The SCC’s recent decision in Heller v. Uber delves into a number of apparently disparate aspects of civil litigation, as we previously noted here and here.  The Court finds room to comment on (and seeks to evolve) principles of arbitration law, equitable doctrines of contract interpretation, and class actions in one case – which is as much heavy lifting as a “typical” constitutional challenge.  And, in Heller v. Uber, all that legal analysis (and the significant doctrinal disputes among the Justices themselves) plays out in a case that has not reached a merits determination – or even the putative class proceeding’s certification hearing.

One interesting, rather fundamental, aspect of the case is where it takes the doctrine of unconscionability.  Unconscionability is a legal doctrine (but, as noted in the case, it is also a form of ex post facto judicial moralism), borne of fairness and equity, that is a challenge to the so-called “freedom to contract.”  Unconscionability impacts whether a court decline to hold parties to their written bargain.

The problems for commercial litigators in conceptualizing and applying such a broad concept to a specific contract entered into by (at least) two specific parties is brought home in Heller v. Uber, in the forceful concurring reasons of Brown J. and dissenting reasons of Coté J.  They each criticise the decision and reasoning of the majority (reasons by Abella and Rowe JJ.) about unconscionability. Brown J. charges that the majority’s reasoning on unconscionabilty “drastically expands the scope of unconscionability, provides very little guidance for the doctrine’s application, and does all of this in the context of an appeal whose just disposition requires no such change.”  Coté J. fears that the majority’s expression of the law of unconscionability ”might be open to abuse by a party to a standard form contract who chooses to enjoy the benefits of the agreement as long as it suits them, but who then chooses to rely on [the majority’s] opaque standard when called upon to honour an obligation which is not in their interest.”  Those are cutting critiques, to be sure, but it will nevertheless be the majority’s reasoning and exposition of the law that will be relied on for years to come.

Mr.

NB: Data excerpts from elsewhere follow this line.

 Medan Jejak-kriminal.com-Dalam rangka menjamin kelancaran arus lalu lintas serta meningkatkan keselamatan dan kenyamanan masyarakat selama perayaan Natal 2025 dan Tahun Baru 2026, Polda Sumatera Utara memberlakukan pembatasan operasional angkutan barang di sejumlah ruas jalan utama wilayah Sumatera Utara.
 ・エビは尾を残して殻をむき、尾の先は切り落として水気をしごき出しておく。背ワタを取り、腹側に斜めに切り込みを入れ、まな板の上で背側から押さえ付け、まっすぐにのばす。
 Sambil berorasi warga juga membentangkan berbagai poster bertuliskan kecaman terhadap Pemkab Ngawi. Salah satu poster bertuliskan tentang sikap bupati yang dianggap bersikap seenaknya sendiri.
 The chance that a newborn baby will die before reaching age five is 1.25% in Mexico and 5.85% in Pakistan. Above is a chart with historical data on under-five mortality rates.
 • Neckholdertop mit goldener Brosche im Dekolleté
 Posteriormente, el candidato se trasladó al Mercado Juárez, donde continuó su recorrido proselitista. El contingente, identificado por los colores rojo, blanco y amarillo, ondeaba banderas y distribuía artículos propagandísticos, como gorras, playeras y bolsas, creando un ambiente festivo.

Heller and his fellow class members were parties to a standard form Uber contract that required them to arbitrate their disputes in the Netherlands, and pay a US$14,500 administrative fee, up front, in the event of such a dispute.  Was that arbitration term unconscionable, such that a court should not enforce it?

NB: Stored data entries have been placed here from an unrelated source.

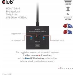 Διακόπτης Club 3D Club3D HDMI 2-σε-1 αμφίδρομος 8K60Hz/4K120Hz UHD λιανικής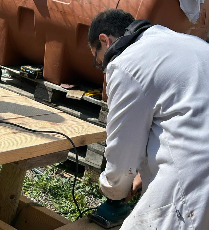 Gli allievi, seguiti dai docenti Sandro Bozzano, Stefano Pugi e Marco Ramella hanno lavorato senza sosta mettendo in pratica tutte quelle competenze professionali, trasversali e manuali, apprese durante il Triennio. I ragazzi hanno carteggiato, smussato e verniciato un tavolo e le relative panche, hanno altresì eseguito lo sfalcio del giardino, rendendo l’area fruibile e in sicurezza a tutti gli alunni della scuola e a completamento dei lavori eseguiti precedentemente dagli studenti d’oltralpe.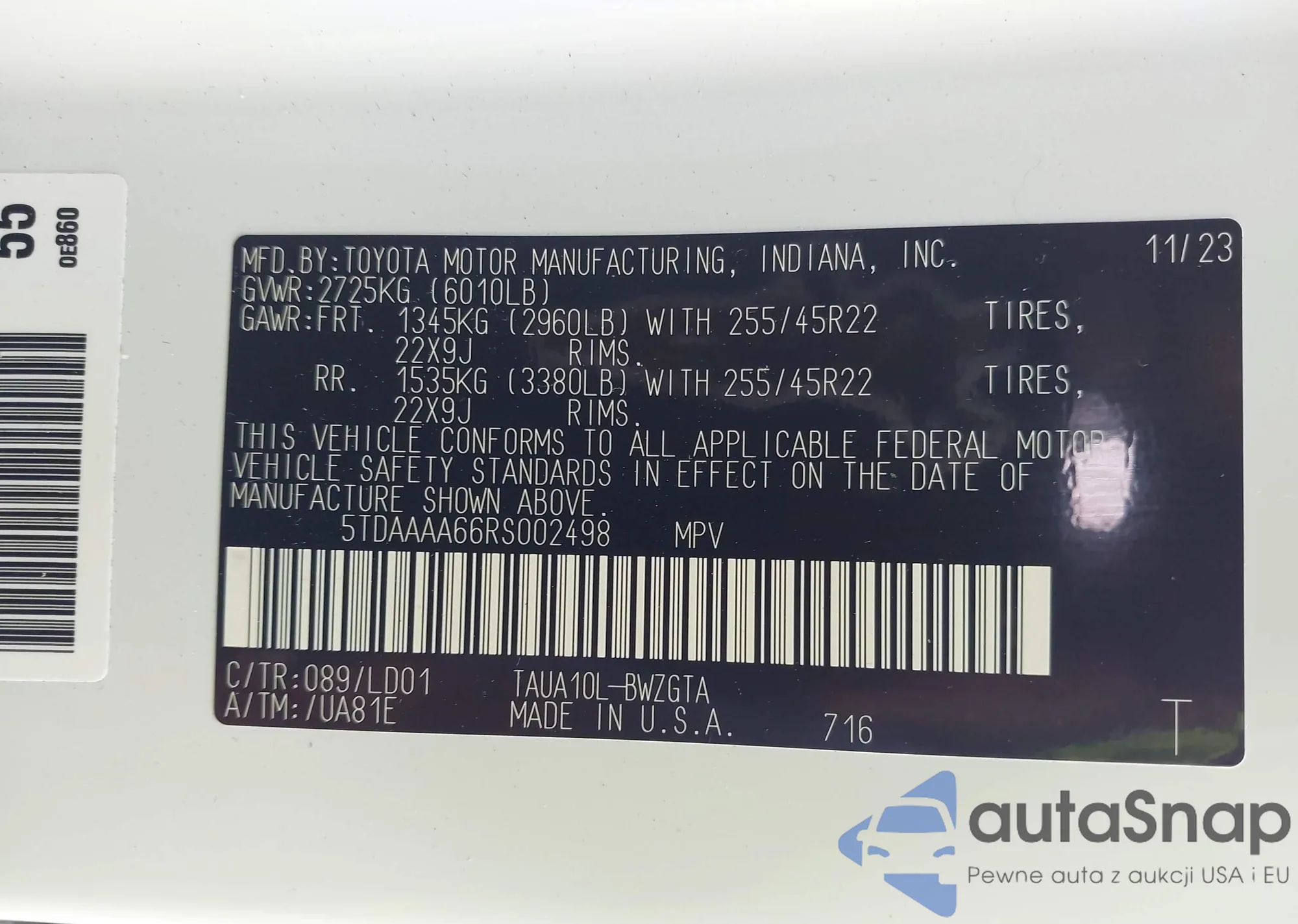 Автомобиль Lexus TX 2024 (VIN 5TDAAAA66RS002498) ранее не участвовал в торгах. Документы чистые, пробег соответствует или ниже среднего по рынку. Продаётся страховой компанией — рекомендуем покупку. Доставка в порт займет около 6–8 недель.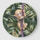 Monkey Purple Rope Green Leaves Large Clock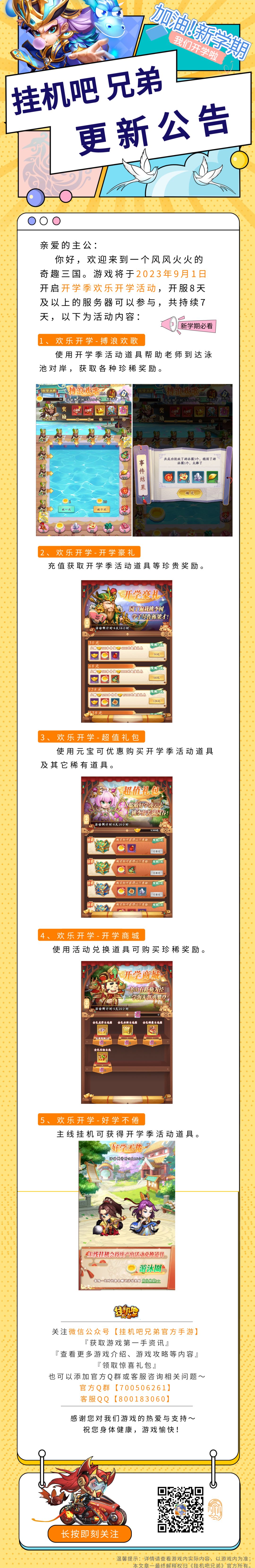 你好,欢迎来到一个风风火火的奇趣三国。游戏将于2023年9月1日开启开学季欢乐开学活动,开服8天及以上的服务器可以参与,以下为活动内容: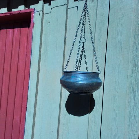 Siisti ja hyväkuntoinen amppeli, pituus kiinnityslangasta hapsuihin 97cm. Mukaan saa halutessaan tekokukkasen ja ruukun, jotka mulla amppelissa olleet (kuva 2).

The majority of the Court held that, to find a bargain unenforceable pursuant to the unconscionability doctrine, there must be (a) an inequality of bargaining position, and (b) an improvident bargain.  A bargain is improvident if it unduly advantages the stronger party or unduly disadvantages the more vulnerable.  Notably, the majority found that inequality of bargaining power was evident in the fact that the drivers had to sign a standard form contract which they could not negotiate – the classic “contract of adhesion.”  The majority also found that Uber did not have to knowingly take advantage of its superior bargaining power.  The majority was careful to note that it did not presume to state that all standard form contracts are inherently unequal, but Brown J. and Coté J. worry that that is a very real implication of the majority’s reasoning.

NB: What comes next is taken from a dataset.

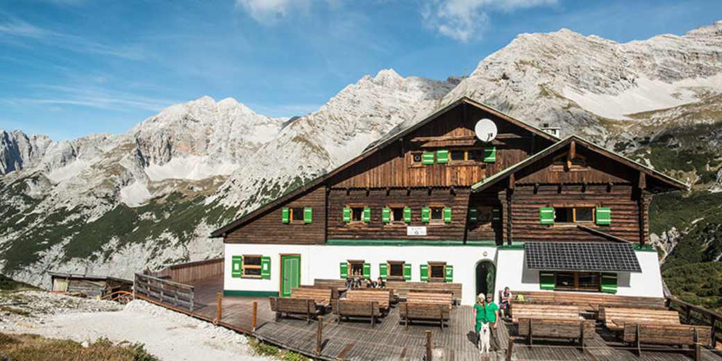 Mit der Pfeis-Hütte des Alpenvereins wartet am Ziele der anstrengenden Tour eine schöne Einkehrmöglichkeit.
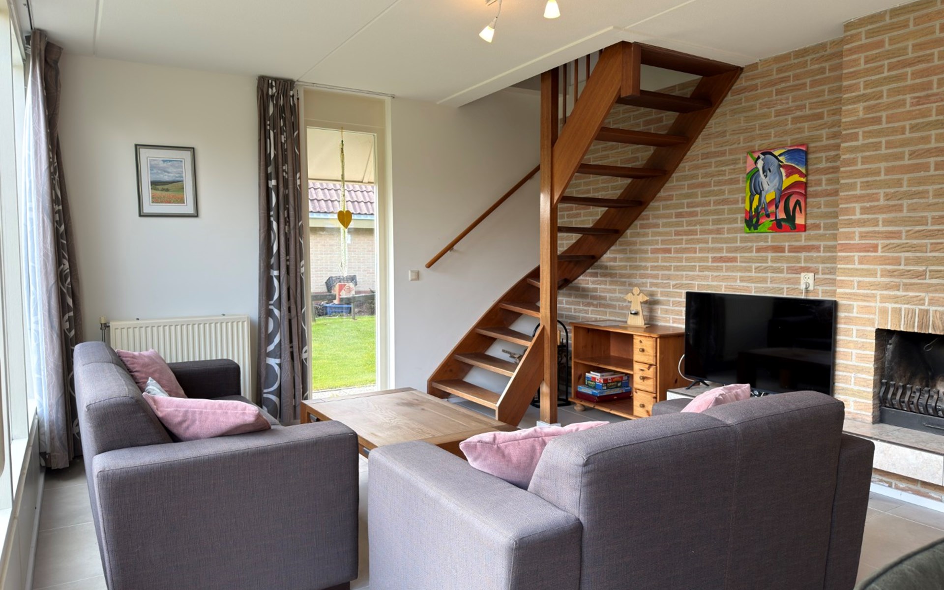 The ground floor of 50 m² has a cozy living room with fireplace and comfortable sofa, a fully equipped open kitchen, a bathroom, a hall and a storage room. On the upper floor there are three bedrooms and an extra guest toilet.

The majority found that the administrative fee and a trip to the Netherlands were obvious insurmountable barriers for Uber drivers to access dispute resolution, and improvident on their face.  However, the arbitration clause was just one of the “puts and takes” in the overall Uber bargain.  Rather than strike the whole contract as unconscionable, the majority found just the arbitration clause invalid.  The majority treated the arbitration provision as a “stand alone contract” within the contract.  Coté J. notes that there is some authority for treating an arbitration provision so distinctly, but it remains to be seen whether courts will rely on Uber v. Heller to attempt to “redline” other discrete terms from an agreement that would otherwise be enforced.